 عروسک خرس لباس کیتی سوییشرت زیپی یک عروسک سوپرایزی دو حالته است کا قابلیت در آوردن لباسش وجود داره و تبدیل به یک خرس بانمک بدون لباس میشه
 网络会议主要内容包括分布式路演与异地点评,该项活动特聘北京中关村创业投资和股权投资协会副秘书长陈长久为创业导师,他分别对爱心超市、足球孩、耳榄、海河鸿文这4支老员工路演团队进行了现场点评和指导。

********************

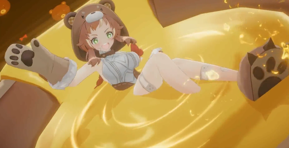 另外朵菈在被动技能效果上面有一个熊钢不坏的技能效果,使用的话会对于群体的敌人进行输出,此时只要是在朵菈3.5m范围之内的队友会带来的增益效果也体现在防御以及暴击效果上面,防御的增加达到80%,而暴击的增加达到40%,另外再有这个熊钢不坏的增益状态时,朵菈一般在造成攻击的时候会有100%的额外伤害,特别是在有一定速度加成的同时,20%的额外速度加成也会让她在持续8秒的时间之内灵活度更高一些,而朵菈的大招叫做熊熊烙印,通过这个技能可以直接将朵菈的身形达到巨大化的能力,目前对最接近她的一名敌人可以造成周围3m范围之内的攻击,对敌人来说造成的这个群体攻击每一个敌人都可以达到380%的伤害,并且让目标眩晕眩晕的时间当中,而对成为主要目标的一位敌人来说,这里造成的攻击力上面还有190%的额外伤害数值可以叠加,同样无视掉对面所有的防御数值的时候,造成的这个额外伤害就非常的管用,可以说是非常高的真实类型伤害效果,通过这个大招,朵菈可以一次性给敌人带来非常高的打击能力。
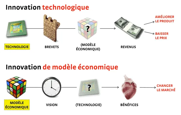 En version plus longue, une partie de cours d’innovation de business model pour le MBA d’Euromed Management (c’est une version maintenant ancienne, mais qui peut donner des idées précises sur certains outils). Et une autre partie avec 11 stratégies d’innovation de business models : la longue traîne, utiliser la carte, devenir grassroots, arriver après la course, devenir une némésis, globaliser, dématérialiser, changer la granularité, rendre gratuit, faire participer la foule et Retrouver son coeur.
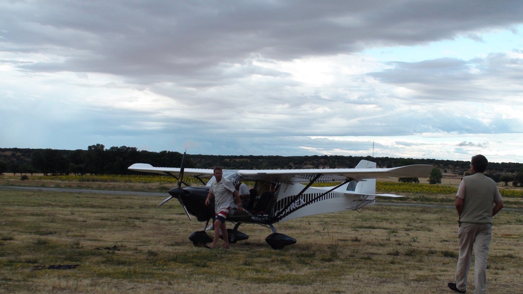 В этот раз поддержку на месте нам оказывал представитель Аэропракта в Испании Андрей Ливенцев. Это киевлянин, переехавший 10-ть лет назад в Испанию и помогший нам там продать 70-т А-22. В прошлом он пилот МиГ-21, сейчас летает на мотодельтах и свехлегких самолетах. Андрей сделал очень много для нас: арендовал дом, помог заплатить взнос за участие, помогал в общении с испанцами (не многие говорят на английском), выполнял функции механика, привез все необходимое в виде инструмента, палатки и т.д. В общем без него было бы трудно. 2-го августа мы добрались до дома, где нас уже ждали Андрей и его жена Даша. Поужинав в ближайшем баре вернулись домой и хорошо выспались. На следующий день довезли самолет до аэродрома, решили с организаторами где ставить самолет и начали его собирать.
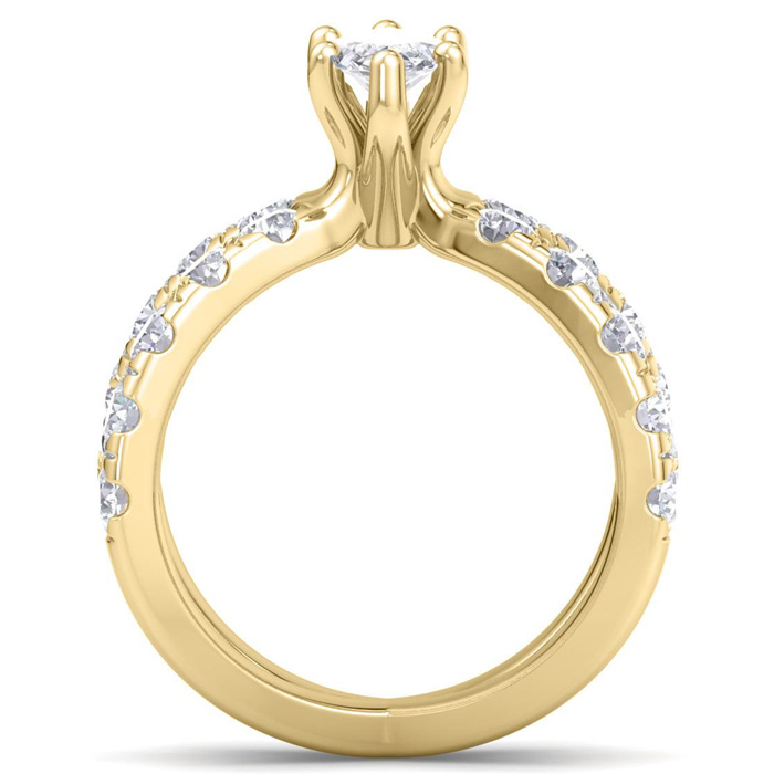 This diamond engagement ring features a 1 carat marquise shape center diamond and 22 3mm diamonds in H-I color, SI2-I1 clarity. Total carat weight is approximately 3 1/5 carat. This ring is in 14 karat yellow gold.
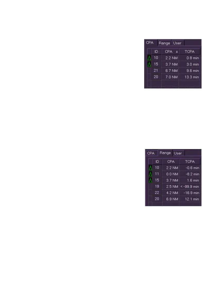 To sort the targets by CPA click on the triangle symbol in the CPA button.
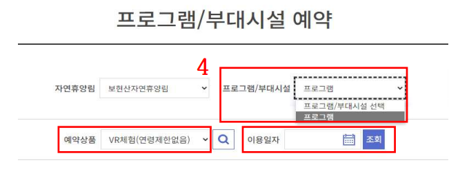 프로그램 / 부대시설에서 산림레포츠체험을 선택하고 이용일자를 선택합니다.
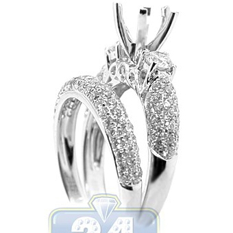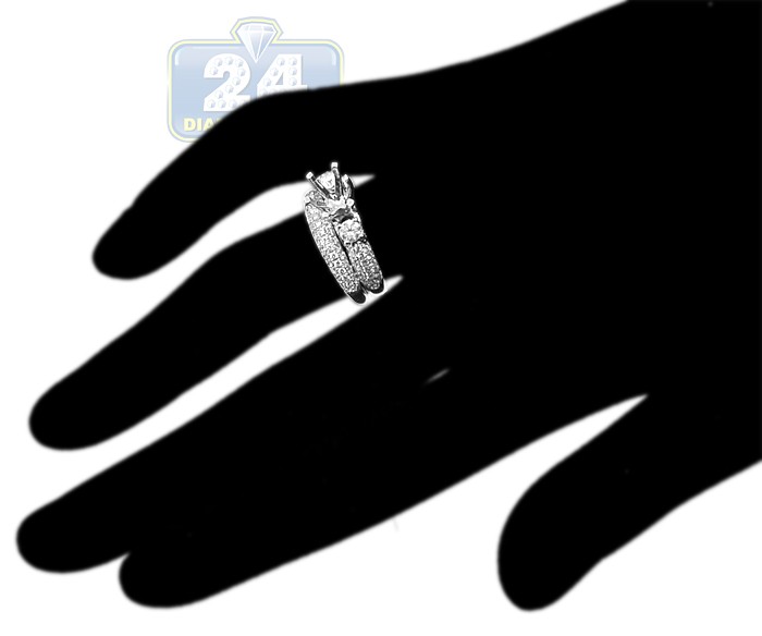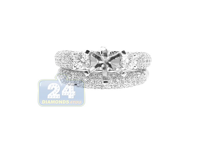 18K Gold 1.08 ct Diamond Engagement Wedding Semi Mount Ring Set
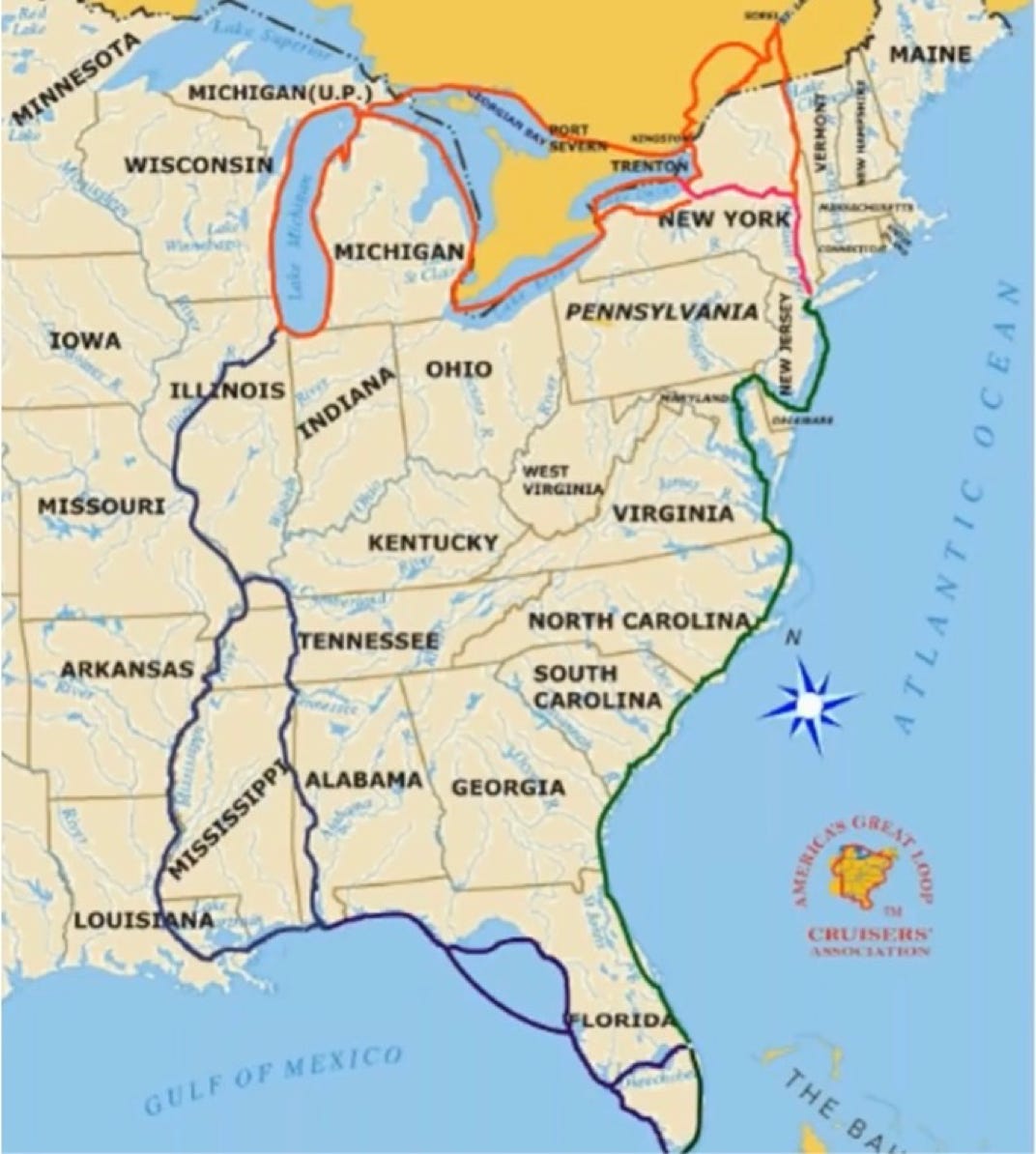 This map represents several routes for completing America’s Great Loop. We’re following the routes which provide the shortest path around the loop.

********************

§ REQUIREMENT
Range to print from the listing above: from the line with "프로그램 / 부대시설에서 산림레포츠체험을 선택하고 이용일자를 선택합니다." up to and including the line with "This map represents". Please print those lines exactly, with no pictures and nothing more.

§ YOUR SOLUTION
 프로그램 / 부대시설에서 산림레포츠체험을 선택하고 이용일자를 선택합니다.
 18K Gold 1.08 ct Diamond Engagement Wedding Semi Mount Ring Set
 This map represents several routes for completing America’s Great Loop. We’re following the routes which provide the shortest path around the loop.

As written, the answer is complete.